Apple’s New Management Features Help Locked-Down iPads Stay Locked Down
iPhones and iPads have muscled their way into locked-down, Windows-centric schools and businesses thanks to the “bring your own device” phenomenon, and Apple has been adding more features to help IT shops lock iOS down and make it easier to manage. Yesterday, the company introduced a handful of changes that will make it simpler for schools and businesses to mandate settings on their iOS devices and to make sure that those settings stay applied to their iOS devices at all times.
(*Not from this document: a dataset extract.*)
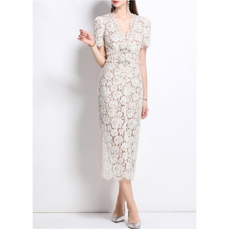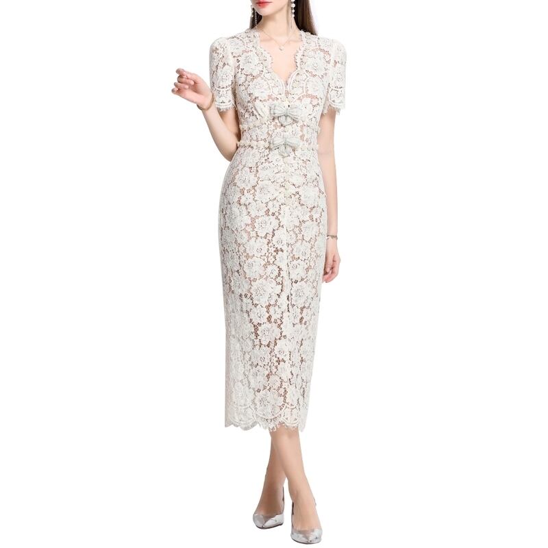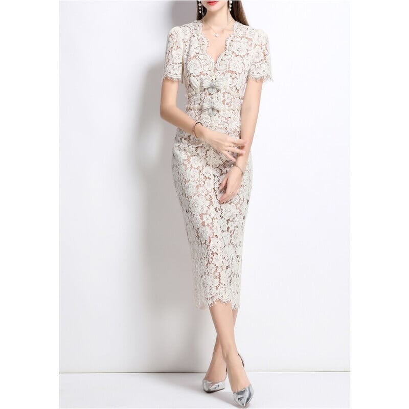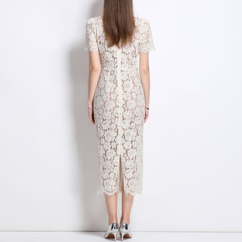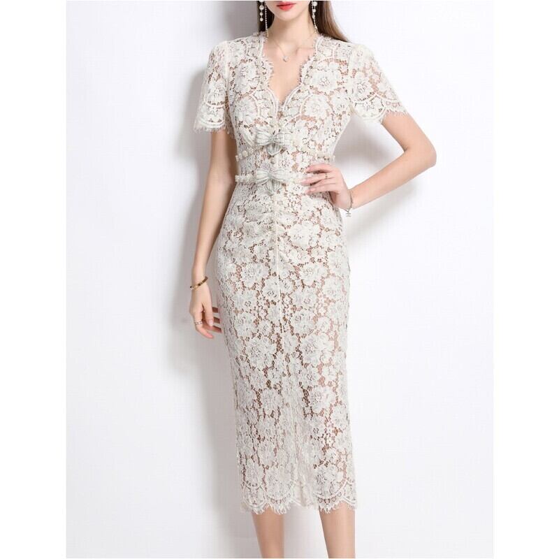総レースVネックボディコンシャスドレス D0130

With these changes, the company is introducing “zero-touch” configuration for new iOS devices via the Device Enrollment Program if you’re running your own mobile device management (MDM) server. Customers who go to deploy.apple.com and sign up can enroll new devices by serial number or order number, allowing admins to apply their settings to devices bought from Apple without even removing them from their boxes. This is a significant improvement over the previous system, where each device needed to be connected to a computer running the Apple Configurator utility to get things set up.
Most crucially, these management profiles can be made mandatory, preventing users from uninstalling the profiles themselves. This feature in particular seems intended to prevent the kind of thing that happened in the Los Angeles Unified School District late last year, where students “hacked” iPads given to them by the school (read: deleted the management profiles) to get around the district’s settings and limitations.